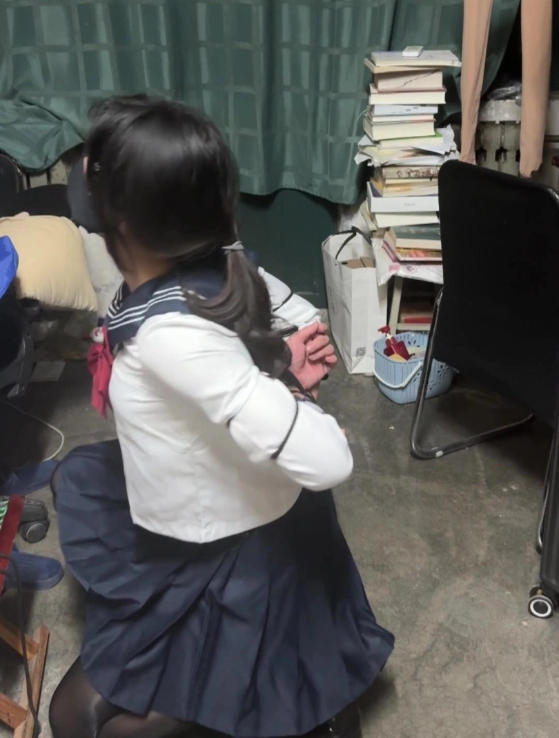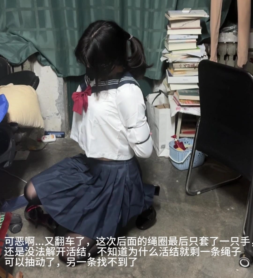 【柚里】五花自缚教学翻车,还好宿舍摸到小刀了不然真的绝望水手服+马油黑丝+侧空高跟
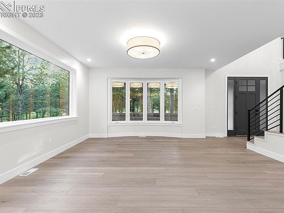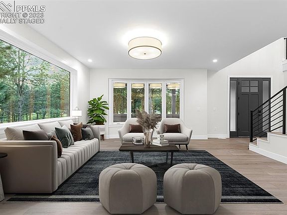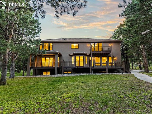 Gorgeous contemporary estate in Bent Tree-- experience the ultimate in luxury and privacy. This stunning property is nestled on a secluded and tranquil 2.86-acre lot, surrounded by beautiful mature pines. The home is made for entertainment with open floorplan, multiple outdoor gathering spaces and ultimate luxury finishes throughout. Do not miss incredibly rare 7 car garage + workshop with RV parking and room to add car lifts for additional vehicles. Park-like backyard features Gazebo with a gas fire pit and built-in grill, perfect for year round outdoor entertainment. Ideal location between Denver and Colorado Springs, with easy I-25 commute to both. This home is the perfect place to relax, unwind and entertain in style. Original 1992 home was completely rebuilt with all new mechanicals, plumbing, electric, walls, insulation, windows and all new cosmetic finishes in 2023, with warranties in place.
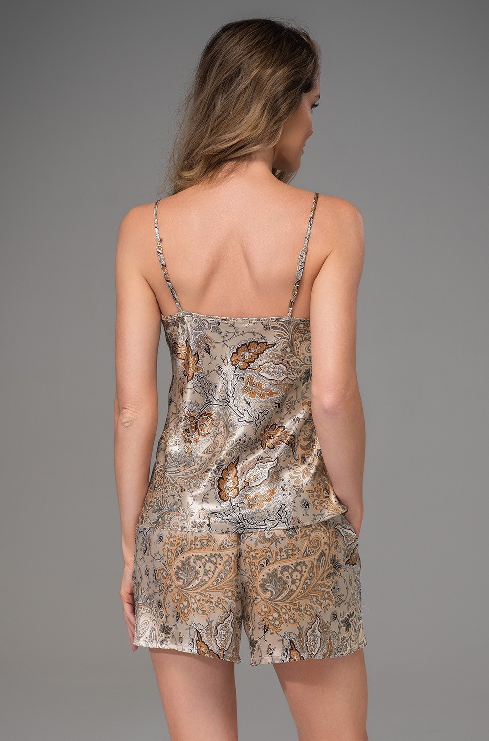 Комплект Mia-Amore из принтованного смесового шелка состоит из топа на тонких бретелях и шорт. Отделка лифа топа изящно декорирована контрастным кантом. По бокам шорт расположены карманы.

_ _ _ _

- Brief -
Please transcribe the material above exactly as written. Leave the pictures out.

- Final answer -
 【柚里】五花自缚教学翻车,还好宿舍摸到小刀了不然真的绝望水手服+马油黑丝+侧空高跟
 Gorgeous contemporary estate in Bent Tree-- experience the ultimate in luxury and privacy. This stunning property is nestled on a secluded and tranquil 2.86-acre lot, surrounded by beautiful mature pines. The home is made for entertainment with open floorplan, multiple outdoor gathering spaces and ultimate luxury finishes throughout. Do not miss incredibly rare 7 car garage + workshop with RV parking and room to add car lifts for additional vehicles. Park-like backyard features Gazebo with a gas fire pit and built-in grill, perfect for year round outdoor entertainment. Ideal location between Denver and Colorado Springs, with easy I-25 commute to both. This home is the perfect place to relax, unwind and entertain in style. Original 1992 home was completely rebuilt with all new mechanicals, plumbing, electric, walls, insulation, windows and all new cosmetic finishes in 2023, with warranties in place.
 Комплект Mia-Amore из принтованного смесового шелка состоит из топа на тонких бретелях и шорт. Отделка лифа топа изящно декорирована контрастным кантом. По бокам шорт расположены карманы.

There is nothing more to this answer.